Groupon claims MobGob knowingly infringes one of its patents, no. 6,269,343, entitled “On-line marketing system and method”, causing them harm to their business, market, reputation and goodwill. Groupon is asking for the company to stop infringing on this patent and to hand over “all infringing products and systems in their possession”, including the MobGob website, for destruction.

The description of the patent-in-suit reads:

The present invention provides a method and system that allows sellers to communicate conditional offers to potential buyers. The conditions include prices that depend on the aggregate amount of goods or services that buyers collectively agree to purchase by a given time and date.

The invention facilitates “demand aggregation”, that is, aggregating demand by potential buyers (who may or may not know each other), for products offered by sellers. This invention allows sellers conveniently to offer “Demand-Based Pricing”, that is, prices which go down as the volume of units sold in any given offer goes up.

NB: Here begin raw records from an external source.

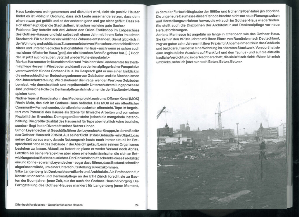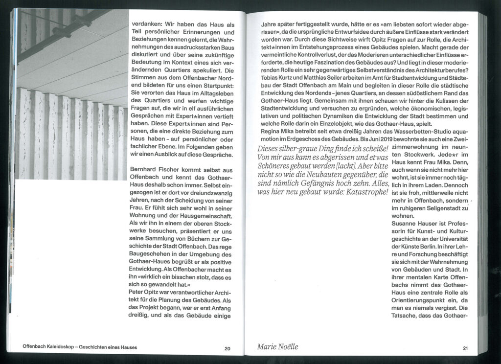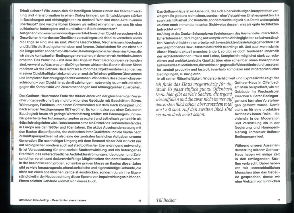 Aus Recherchen zum Haus entstand die Buchveröffentlichung “Offenbach Kaleidoskop – Geschichten eines Hauses” (Spector Books, 2022). Das Gothaer-Haus wird hier zum Ausgangspunkt von Gesprächen, in denen persönliche und fachliche Beziehungen zum Haus hinter seine spiegelnde Oberfläche führen, um das Gebäude als Bestandteil eines komplexen Beziehungsnetzes zu dekonstruieren. Dies ist der Versuch, nicht nur die Betrachtungsweise eines besonderen Einzelobjekts erweitern, sondern zugleich den Blick neu auszurichten, um den Wert von Gebäuden im Beziehungsgeflecht ihrer Geschichten sichtbar zu machen.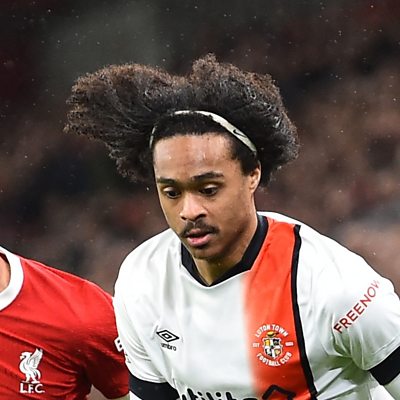 Luton midfielder Tahith Chong reacts after losing 4-1 against Liverpool.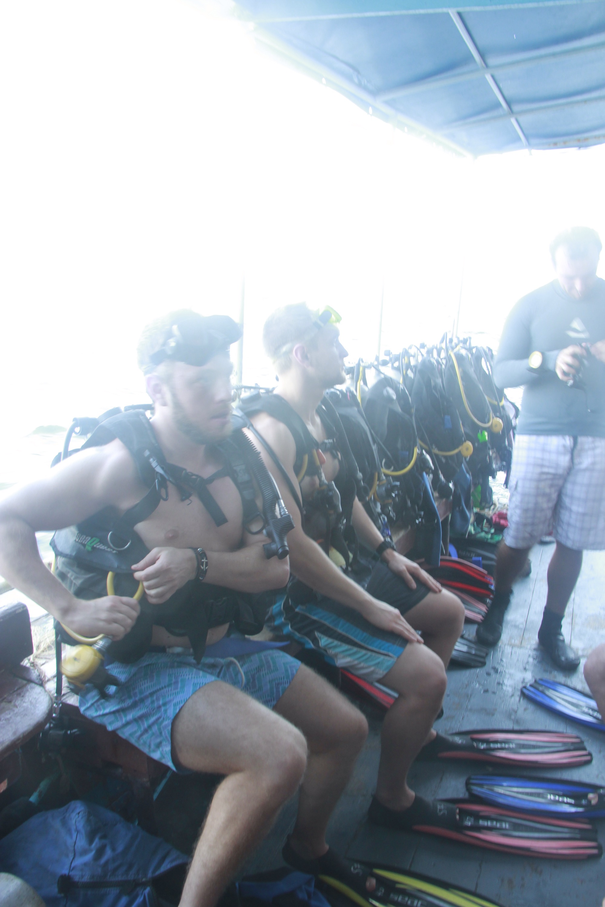As we started our journey under the sea after deflating our bc, all I could see was this intense blue surrounding me. I was just behind Jon and after few kicks of fins, he turned around to signal me a black tipped shark, basically three meters away from us.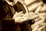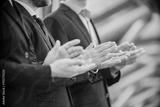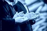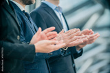 A group of young businessmen applauds at a business conference against the background of a modern office building

A seller can therefor offer volume discounts to buyers acting as a group, even when the buyers may not have any formal relationship with one another.

What I found interesting about this lawsuit is that the patent was first filed back in 1999 and issued two years later, while Groupon is only three years old. The inventor listed is Matthew Pallakoff, currently in charge of mobile UI / UX for digital products at Barnes & Noble, and the company that the patent was assigned to is MobShop (not this one).

MobShop was in fact an early group buying site that raised a ton of money from entrepreneur-turned-VC Marc Andreessen and Mayfield Fund at the hight of the early-century Internet boom and unceremoniously folded in 2001, almost as quickly as it had risen.

I was curious to know whether Groupon somehow got hold of the patent through acquisition, which is particularly interesting given that they’re now filing lawsuits against smaller rivals based solely on the possession of the patent. Reached by email, Groupon founder and CEO Andrew Mason told me that it’s a “funny story” – I’m still waiting for him to get back to me and tell me what it is (will update if and when he does).

Update: so basically, Mason told me that the reason they’re suing MobGob is because they actually tried to patent-troll-sue Groupon first, under another name and with a patent that was issued at a later time than the patent-in-suit.

He added that Groupon has absolutely no intention of going after companies in the group buying space, but that they bought the early MobShop patent to protect themselves in “crazy lawsuits” that get filed against them now that they’re in the picture so much.

In other words, he says they bought the patent for usage in lawsuits filed against them, not with the intention to sue other group buying services.